To the delight of California farmers, the state Supreme Court has upheld a Gold Rush-era law that allows them to pump as much water from the aquifers beneath their property as they can productively use. The initial interpretation of Monday's long-awaited decision involving the Mojave River Basin was that it now would be more difficult for growing cities to force farmers to share their well water supplies in times of shortage.

But on reflection, legal experts say that may not be the case at all. The court took pains to note that the landowner's right to pump is not absolute. The water must be put to "beneficial" use and not wasted. And perhaps the most significant comment comes in a footnote on Page 25 of the decision. In it, the justices said courts may have to override basic water rights and require cutbacks in pumping if Californians are "to harmonize water shortages with a fair allocation of future use."

The court did not say so expressly, but the Mojave lawsuit would not have been necessary if California had a statewide ground water management program to reduce constant over-pumping of major underground basins.
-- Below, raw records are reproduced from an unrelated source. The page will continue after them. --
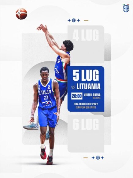 Prende forma la prima parte dell’estate 2026 della Nazionale Senior maschile. Gli Azzurri, in corsa per la qualificazione alla World Cup 2027, giocheranno a inizio luglio le ultime due cruciali gare della prima fase degli European Qualifiers: dopo la trasferta in Islanda del 2 luglio, l’Italia affronterà la Lituania il 5 luglio alla Virtus Arena di BolognaFiere alle ore 20.
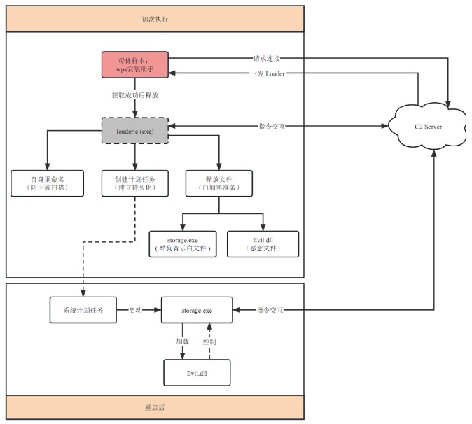 以今年“大出风头”的银狐系列工具为例,下图展示了某个银狐变种样本执行后的执行逻辑(部分):
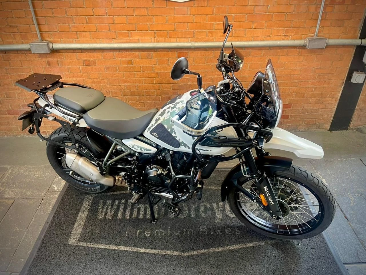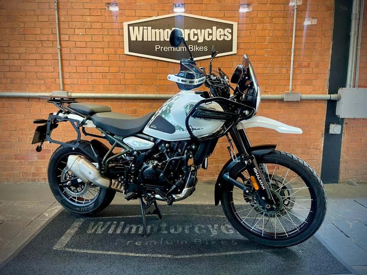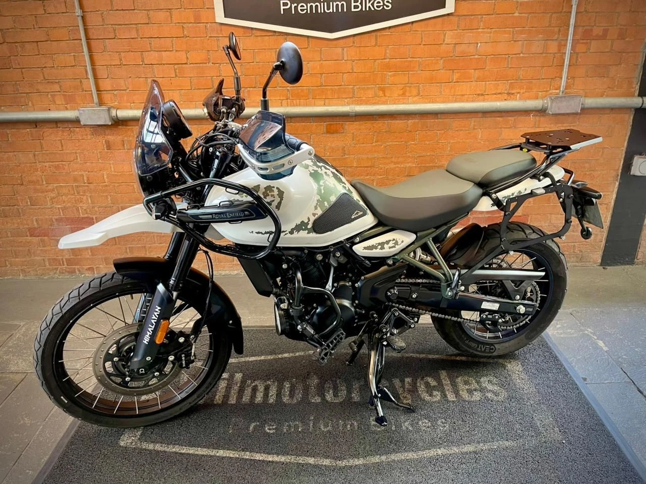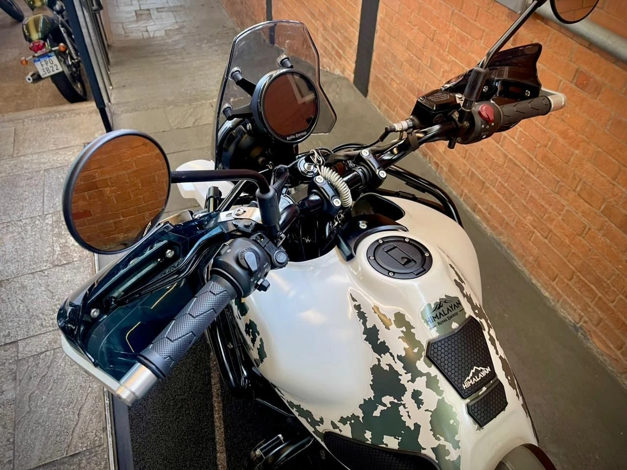 Royal Enfield Himalayan Kamet White; moto totalmente original e muito bem conservada; baixa quilometragem; equipada com pneus sem câmara; garantia de fábrica ativa; revisões em dia; faróis auxiliares instalados; suporte para baú oferecendo mais praticidade; ideal para quem busca uma trail moderna, robusta e preparada para qualquer aventura com conforto e confiabilidade; WILMOTORCYCLES, SUA MOTO ESTÁ AQUI.
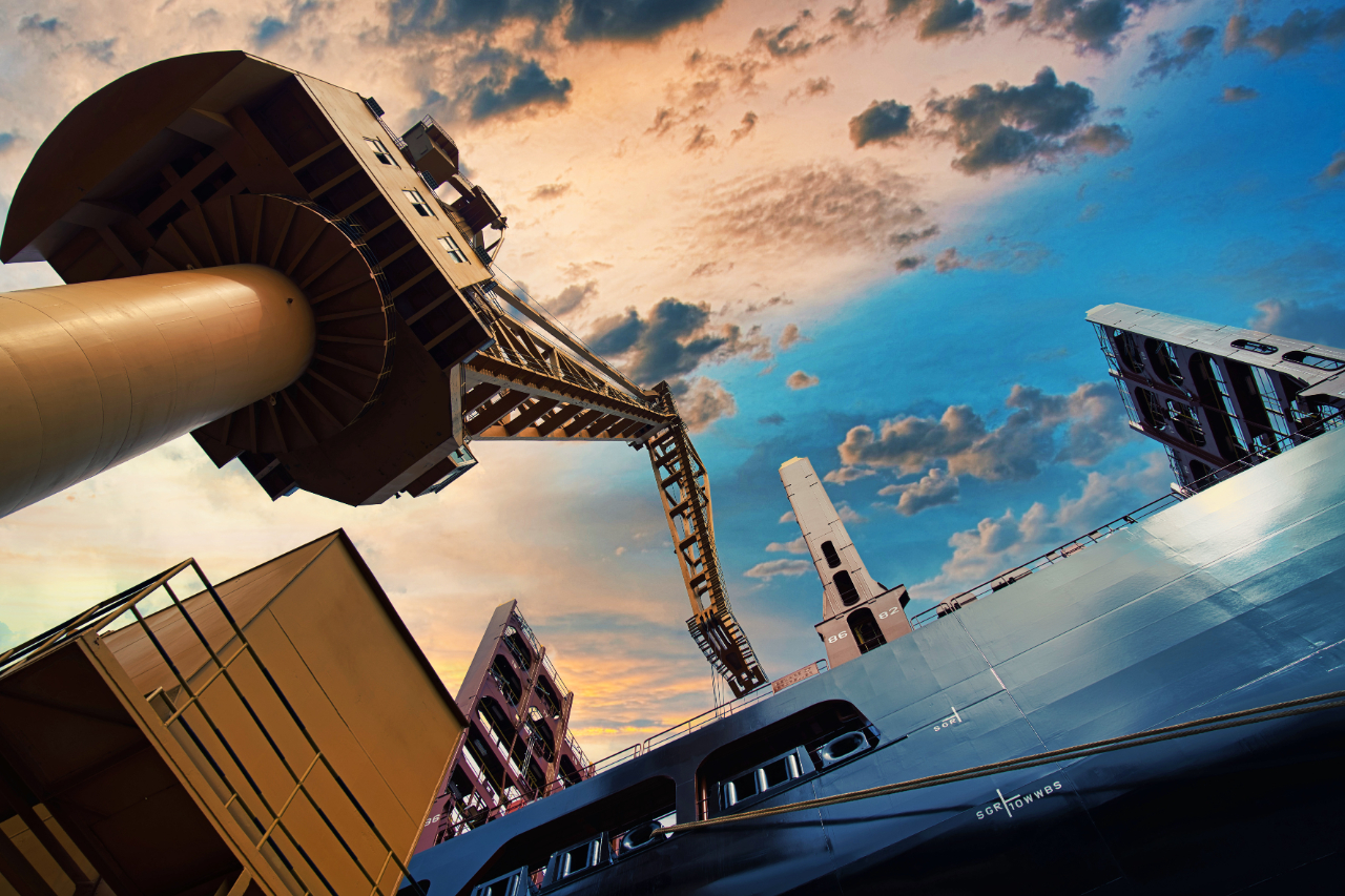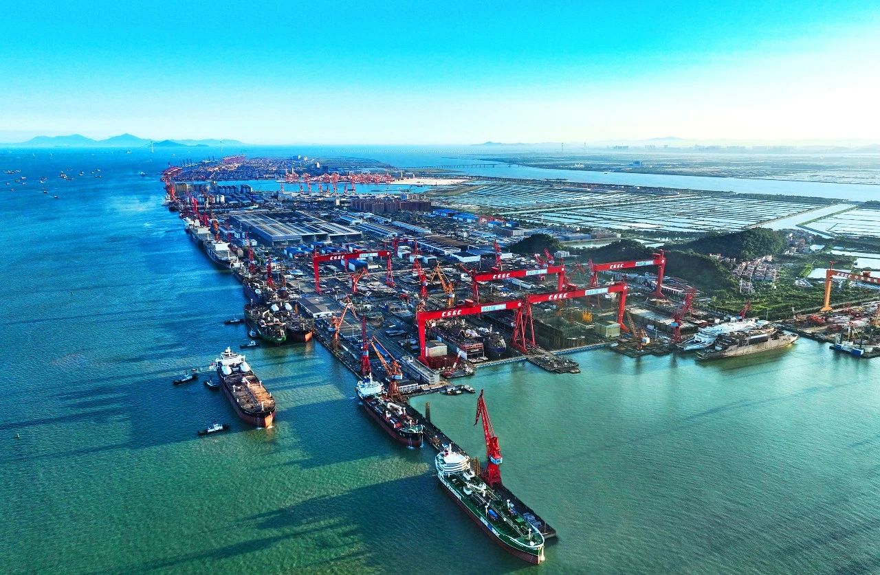 落日余暉下,造船現(xiàn)場(chǎng)燈火通明,展現(xiàn)出一派繁忙景象。在五彩斑斕的晚霞襯托下,整個(gè)造船基地猶如寶石般熠熠生輝。
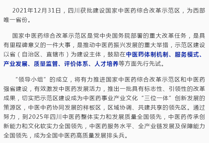 省長(zhǎng)任組長(zhǎng)!四川省推進(jìn)國(guó)家中醫(yī)藥綜合改革示范區(qū)和中醫(yī)藥強(qiáng)省建設(shè)工作領(lǐng)導(dǎo)小組成立
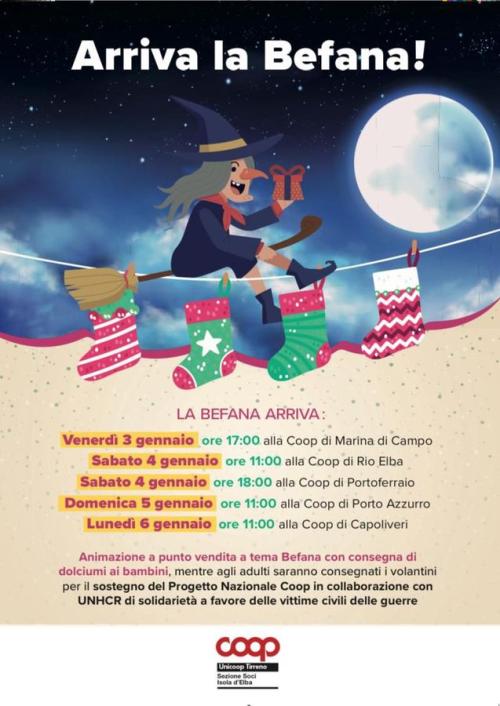 Arriva la Befana alle Coop dell'isola d'Elba, la tradizione italiana continua.

Other states, including Arizona, have such laws, but agricultural interests have effectively resisted any such plan in California. The last major effort, a 1982 ballot initiative, was defeated, largely because of farmer opposition.

The prospects for water conflicts throughout the state increase with population growth and the continued overdrafting of aquifers--pumping more from the basin than is naturally replenished by rainfall or runoff. Aquifers are a critical water source because nearly a third of all water used in the state comes from the ground. In the San Joaquin Valley, the annual overdraft has been more than 1 million acre-feet a year, enough to provide the domestic needs of 2 million families.
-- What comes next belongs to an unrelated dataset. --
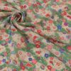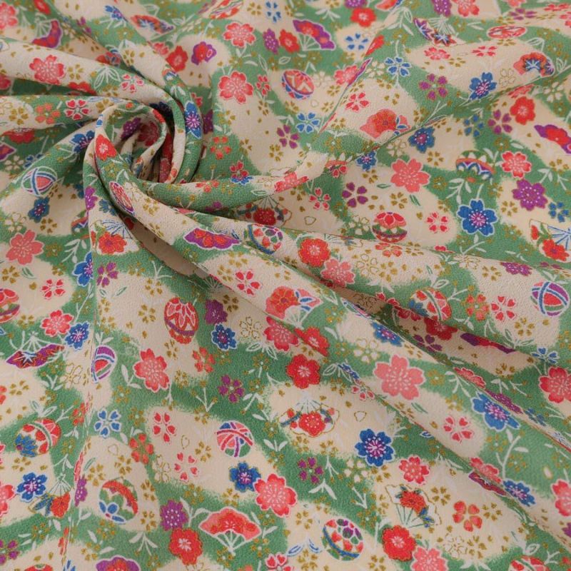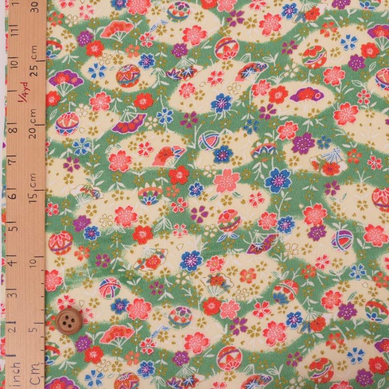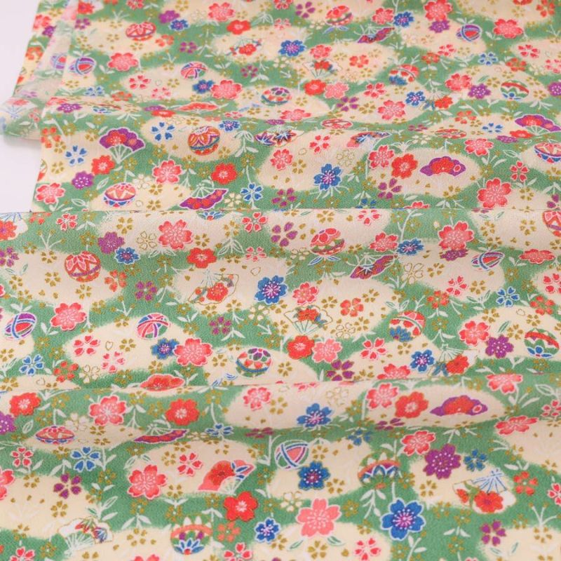 金彩がキラキラきれいな縮緬 在庫限り/小シボ(一越)ちりめん生地 小まりと扇の花便り(若竹色) 10cm単位 切り売り
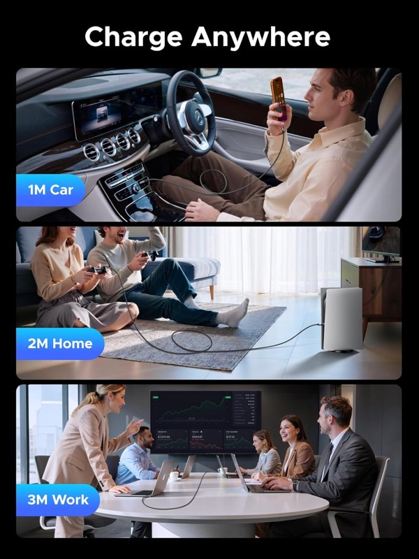Tương thích với mọi thiết bị: Cáp sạc USB C sang USB C 240W UGREEN này tương thích với iPhone 17/17 Pro/17 Pro Max, iPhone 16/16 Pro/16 Pro Max, MacBook Pro/Air, iPad Pro/Air, Pixel 10/9 Pro, Galaxy S25/S24/S23, Galaxy Tab S9, Surface Pro 9, Dell XPS, Switch, Steam Deck.

Depletion of an aquifer can dry up existing wells, cause the overlying land to subside and result in poorer-quality water. In coastal areas, depleted aquifers can fill up with seawater.

Ground water management plans can be developed either through court action or by voluntary collaboration of water users. Several major basins in Southern California are managed under court decree, including the central and west basins and in the San Fernando Valley. But the adjudication of basins can be a lengthy, contentious process.

And in the Mojave Basin, the subject of last week's ruling, the court said the water needs of nearby cities could not override the right of six farmers to pump, even though they all rely on the same basic source for their supplies. A rationing plan covering most of the 3,600-square-mile basin can proceed with the voluntary participation of about 200 other farmers and the cities of Barstow, Victorville, Hesperia and Apple Valley. Still, it's not as effective as it would be if everyone joined in.

The state and federal water leaders of the giant Cal-Fed plan say its success depends on "long-term effective ground water management throughout California." No one has paid much attention to that declaration, but it is another major impetus for action in Sacramento to bring rational management to the state's ground water basins.